L'Urssaf réplique que conformément aux dispositions de l'article R. 243-59 du code de la sécurité sociale, l'inspecteur du contrôle a adressé un avis de contrôle à la société à l'adresse de son siège social situé à [Localité 5] le 19 juin 2014 prévoyant une première visite le 22 juillet 2014 ; qu'à la demande de la société le début du contrôle a toutefois été reporté de près de deux mois et fixé par l'inspecteur du recouvrement au jeudi 18 septembre 2014 ; qu'elle a donc tenu compte des difficultés rencontrées par la société pour faire face à ce contrôle en acceptant le report de la première visite ; qu'elle a ainsi laissé un délai de 3 mois à la société pour réunir les documents demandés le 19 juin 2014 et nécessaires à la vérification ; que la société a été informée à l'issue du contrôle de l'objet du contrôle, les documents consultés, de la période vérifiée, de la date de la fin de contrôle par la lettre d'observations du 2 octobre 2014 qui précisait la nature, le mode de calcul et le montant des redressements opérés ; que la société a pu former en réponse ses observations le 4 novembre 2014 ; que par lettres des 13 et 17 novembre 2014 l'inspecteur a répondu à ces observations en maintenant l'ensemble des redressements et en informant la société qu'elle serait destinataire d'une mise en demeure ; qu'en conséquence, la procédure contradictoire prévue à l'article R. 243-59 du code de la sécurité sociale a été respectée, de sorte que la procédure de contrôle n'est tachée d'aucune irrégularité.
Réponse de la cour
L'article R. 243-59 du code de la sécurité sociale, dans sa rédaction applicable au litige, disposait que :
« Tout contrôle effectué en application de l'article L. 243-7 est précédé de l'envoi par l'organisme chargé du recouvrement des cotisations d'un avis adressé à l'employeur ou au travailleur indépendant par tout moyen permettant de rapporter la preuve de sa date de réception, sauf dans le cas où le contrôle est effectué pour rechercher des infractions aux interdictions mentionnées à l'
article L. 8221-1 du code du travail🏛. Cet avis fait état de l'existence d'un document intitulé "Charte du cotisant contrôlé" présentant au cotisant la procédure de contrôle et les droits dont il dispose pendant son déroulement et à son issue, tels qu'ils sont définis par le présent code. Il précise l'adresse électronique où ce document, dont le modèle est fixé par arrêté du ministre chargé de la sécurité sociale, est consultable, et indique qu'il est adressé au cotisant sur sa demande.

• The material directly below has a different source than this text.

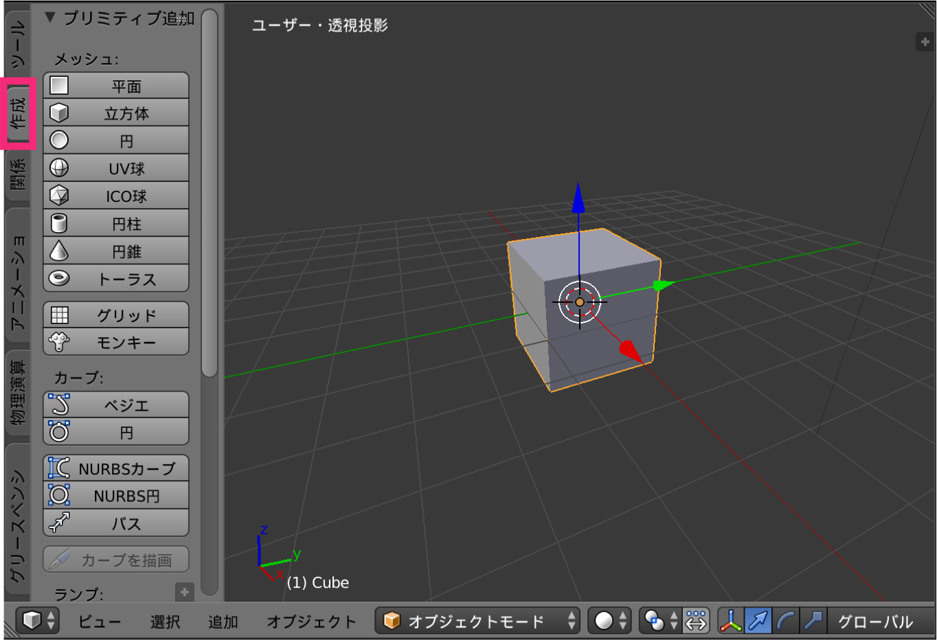 ツールバーの「作成」タブから、任意のオブジェクト(メッシュ)を追加することができます。 3D エディタにツールバーが表示されていない場合は、3D エディタの左上にある [+] アイコンをクリックするか、3D エディタ内にマウスカーソルを置いた状態で T を押すと表示されます。

« L'employeur ou le travailleur indépendant a le droit pendant le contrôle de se faire assister du conseil de son choix. Il est fait mention de ce droit dans l'avis prévu à l'alinéa précédent.
« Les employeurs, personnes privées ou publiques, et les travailleurs indépendants sont tenus de présenter aux agents chargés du contrôle mentionnés à l'article L. 243-7, dénommés inspecteurs du recouvrement, tout document et de permettre l'accès à tout support d'information qui leur sont demandés par ces agents comme nécessaires à l'exercice du contrôle.
« Ces agents peuvent interroger les personnes rémunérées notamment pour connaître leurs nom et adresse ainsi que la nature des activités exercées et le montant des rémunérations y afférentes, y compris les avantages en nature.
« À l'issue du contrôle, les inspecteurs du recouvrement communiquent à l'employeur ou au travailleur indépendant un document daté et signé par eux mentionnant l'objet du contrôle, les documents consultés, la période vérifiée et la date de la fin du contrôle. Ce document mentionne, s'il y a lieu, les observations faites au cours du contrôle, assorties de l'indication de la nature, du mode de calcul et du montant des redressements et des éventuelles majorations et pénalités définies aux articles L. 243-7-2, L. 243-7-6 et L. 243-7-7 envisagés. En cas de réitération d'une pratique ayant déjà fait l'objet d'une observation ou d'un redressement lors d'un précédent contrôle, il précise les éléments caractérisant le constat d'absence de mise en conformité défini à l'article L. 243-7-6. Le cas échéant, il mentionne les motifs qui conduisent à ne pas retenir la bonne foi de l'employeur ou du travailleur indépendant. Le constat d'absence de mise en conformité et le constat d'absence de bonne foi sont contresignés par le directeur de l'organisme chargé du recouvrement. Il indique également au cotisant qu'il dispose d'un délai de trente jours pour répondre par lettre recommandée avec accusé de réception, à ces observations et qu'il a, pour ce faire, la faculté de se faire assister d'un conseil de son choix.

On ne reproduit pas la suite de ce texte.